Author: Sandra Gulland

Rating: 2.5 stars

I received this book from NetGalley in exchange for an honest review. 

For the vast majority of The Shadow Queen, I was trying to figure out why it left me so cold.

This happens to me a lot with historical fiction (especially judging from past reviews). A historical event or figure sounds fascinating to me on a book blurb, but when it comes to the actual novel, I have trouble connecting, and ultimately feel bored or frustrated. Not all historical novels are alike, and this has happened to me often enough that I think it’s become a case of it’s not you, it’s me. A certain audience will love Sandra Gulland’s The Shadow Queen. I was not part of that audience.

Claudette, the narrator, is the daughter of poor, itinerant actors. She is the glue that holds her family together, especially after her father’s untimely death, taking care of both her dramatic, unstable mother and her “simpleton” (probably autistic) brother. Eventually, she develops a relationship with Athenais de Montespan, a spoiled Parisian aristocrat. When Athenais becomes the mistress of King Louis XIV, Claudette becomes her personal maid and closest confidante, but it is a tenuous relationship that cannot last.

Let me state at the outset, The Shadow Queen was not badly written. I thought the use of first person a poor choice, but there was nothing egregious in the writing.
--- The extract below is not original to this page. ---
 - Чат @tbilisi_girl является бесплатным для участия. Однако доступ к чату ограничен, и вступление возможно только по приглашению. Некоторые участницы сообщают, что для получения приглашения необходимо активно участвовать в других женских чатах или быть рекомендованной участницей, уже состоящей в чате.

The historical details are fascinating–especially the little, almost throwaway references that show the depth of Gulland’s research into the period. But there were a few things that really bothered me and kept throwing me out of the story.

There’s a lot of telling versus showing. Big, momentous events are glossed over, and years passed in the text in what I initially thought was the space of a few weeks. The relationship between Claudette and Athenais is alluded to with overtones of sexual attraction–especially given the fact that Claudette is at one point a thirty-something-year-old virgin who has not once expressed sexual attraction to a man (remember, she is the one actually narrating this story, you think she might have said something). At one point, the always high and horny Athenais even invites her into bed. Yet all of this is completely brushed off and not dealt with, and suddenly Claudette, who again has not once expressed actual sexual desire for a man, suddenly looks at a guy and wants to lick him. It was weird. You don’t go from being nonsexual to wanting to lick random dudes, which definitely made me feel there was some piece missing in the text.
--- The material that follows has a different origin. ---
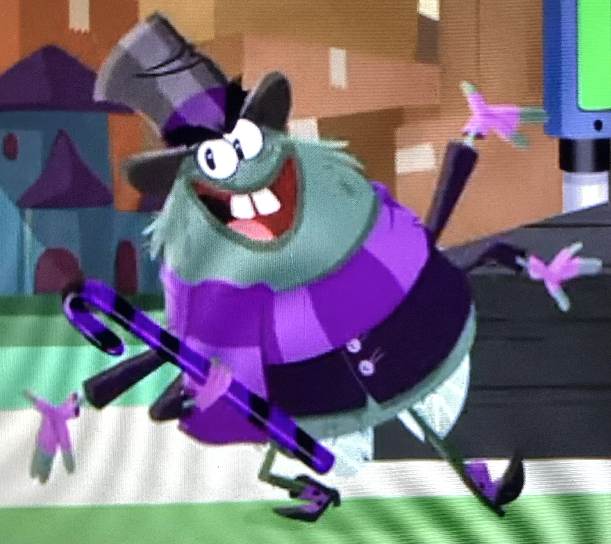 Reason: In The Grumpfish Special, he turns people into pickles. In Fruit Camp, he wants to turn all fruits rotten.

Finally, the story was overly sentimental. A long passage dealing with Claudette nursing her ailing mother seemed to me to be less about historical concerns than shoehorned in to appeal to middle aged women caring for aging parents (Cynical? Obviously, but I’m built that way). People long assumed dead under bad circumstances re-appear improbably. Claudette has trials thrown her way, but everything ends up sunny and bright. Her brother finds his place in the world, her child is pure Plot Moppet, and as she reaches her fifties, suddenly everything is contentment.

I think that may be why these historical fiction novels are not for me. I’m not searching out unhappy endings. I just don’t want saccharine ones. The world is complex, history is complex, and in novels like this I feel that the complexity is brushed off in exposition and everything else is presented in a neat and tidy little package. Some people look for that in their fiction, and there’s nothing wrong with that, but it just doesn’t satisfy me.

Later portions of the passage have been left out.